How to Climb Freerider 5.13 on El Capitan in Yosemite
Share
Freerider on El Capitan: The Ultimate Yosemite Free Climb
Few routes in the climbing world command as much respect, or fascination, as Freerider on El Capitan. Rising nearly 3,000 feet up the southwest face of Yosemite’s most iconic wall, this legendary line represents the pinnacle of free climbing: an elegant sequence of cracks, slabs, and corners demanding mastery, endurance, and mental grit.
The Route That Defined a Generation
First freed in 1998 by the Huber brothers, Freerider was a visionary variation of the historic Salathé Wall. By linking slightly easier sequences around the Salathé Headwall, they opened the door for a truly free climbable El Cap route at a (relatively) attainable grade of VI 5.13a (or 5.12d via variation). The line quickly became the benchmark for big wall free climbing, a modern rite of passage for elite trad climbers.
Then came Alex Honnold. His 2017 free solo of Freerider, without a rope, in under four hours—catapulted the route into global consciousness. His precision, preparation, and psychological control made history, immortalized in the Oscar-winning film Free Solo.
Since then, figures like Steph Davis, the first woman to free the route, and Barbara “Babsi” Zangerl, who made the first flash ascent of El Capitan via Freerider, have continued to push its legacy forward.

Breaking Down the Climb
The Freeblast
The journey begins with ten technical pitches of slabs and thin cracks known as the Freeblast (5.7–5.11c). This section tests balance, trust in friction, and nerve, depositing climbers at Mammoth Terraces and Heart Ledges, classic Yosemite bivy zones.
Heart Ledges to El Cap Spire
Above, the real adventure begins: the airy Hollow Flake (5.11d) with its infamous downclimb, the cavernous Ear, and the 200-foot Monster Offwidth, a brutal squeeze that has humbled many. Climbers often bivy here, at El Cap Spire or The Alcove, before tackling the upper cruxes.

The Cruxes and Headwall
Two options define the upper testpieces. The Boulder Problem (5.13a/V7) offers short, technical face moves capped by a dynamic lunge. The alternative, the Teflon Corner (5.12d), demands insecure stemming and precision on slick granite.
Higher still, the Enduro Corners (5.12b) and the Scotty Burke Offwidth (5.11d) provide sustained, pumpy challenges right to the summit.
Essential Gear and Logistics
A full trad rack, doubles or triples of cams to #4 and big pieces (#5–#7) for the wide crack, is standard. Offset nuts, slings, and alpine draws help manage the meandering line. Teams haul a second rope and haulbag with food, water, and bivy gear, often planning a 3–5 day ascent.
Natural bivy ledges like Mammoth Terraces, The Alcove, and The Block provide rest spots, though portaledges are sometimes used for flexibility or comfort. Climbers must carry wag bags (mandatory in Yosemite) and pack out all waste.
Descent is typically via the East Ledges, requiring several rappels and scrambling.

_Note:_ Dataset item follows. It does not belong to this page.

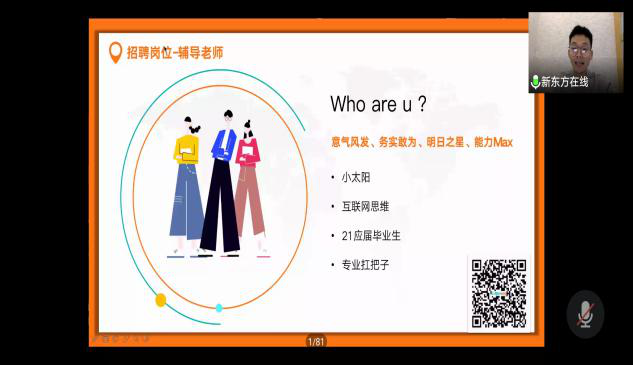 新东方旗下在线教育网站宣讲人介绍了其公司的具体情况,并对公司的工作地点和内容、招聘流程、薪资福利待遇作了详细的介绍。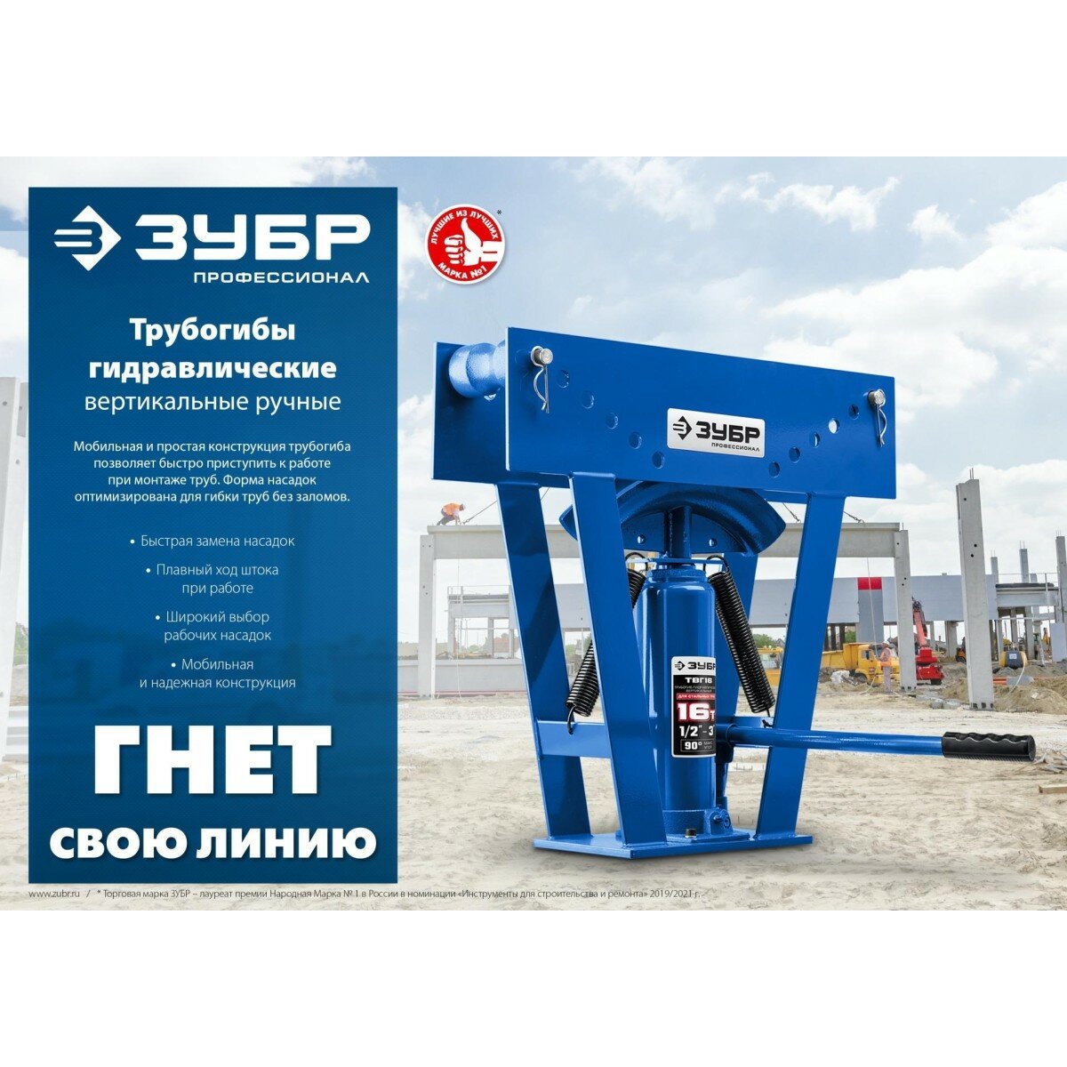 Трубогиб гидравлический ЗУБР ТВГ-8 1/2-1" вертикальный ручной, 8т интересное:

Training for the Big Stone
Success on Freerider demands much more than strength, it requires a deep well of skills. Climbers should be comfortable leading solid 5.12 trad, have experience on multi-day big walls, and possess refined techniques across slab, crack, chimney, and offwidth terrain.
Preparation often includes:
Physical training: Endurance, finger strength, and offwidth power.
Mental training: Focus, composure, and fear management.
Systems practice: Hauling, anchor building, and bivy efficiency.
Many aspirants hone their craft on routes like Astroman, The Rostrum, or Moonlight Buttress before tackling El Capitan.

Climbing Ethically and Responsibly
Freerider exists in one of the world’s most precious climbing environments. Practicing Leave No Trace ethics is mandatory: pack out all trash and waste, minimize chalk marks, and respect other climbers by communicating clearly on crowded walls. Yosemite’s Climber’s Credo—respect the rock, the community, and the park—is the foundation of sustainable big wall climbing.
The Bigger Picture
Attempting Freerider is more than a test of physical ability, it’s a journey in preparation, partnership, and perspective. Each step, from training and logistics to the final moves on the summit, cultivates self-reliance, adaptability, and respect for the vertical world.
Whether you send every pitch free or simply battle upward, Freerider offers an education like no other. Its granite lessons, on skill, humility, and persistence, resonate far beyond Yosemite Valley.
In short: Freerider is not just a route, it’s a rite of passage, a mirror for every climber’s limits, and a timeless adventure etched into the face of El Capitan itself.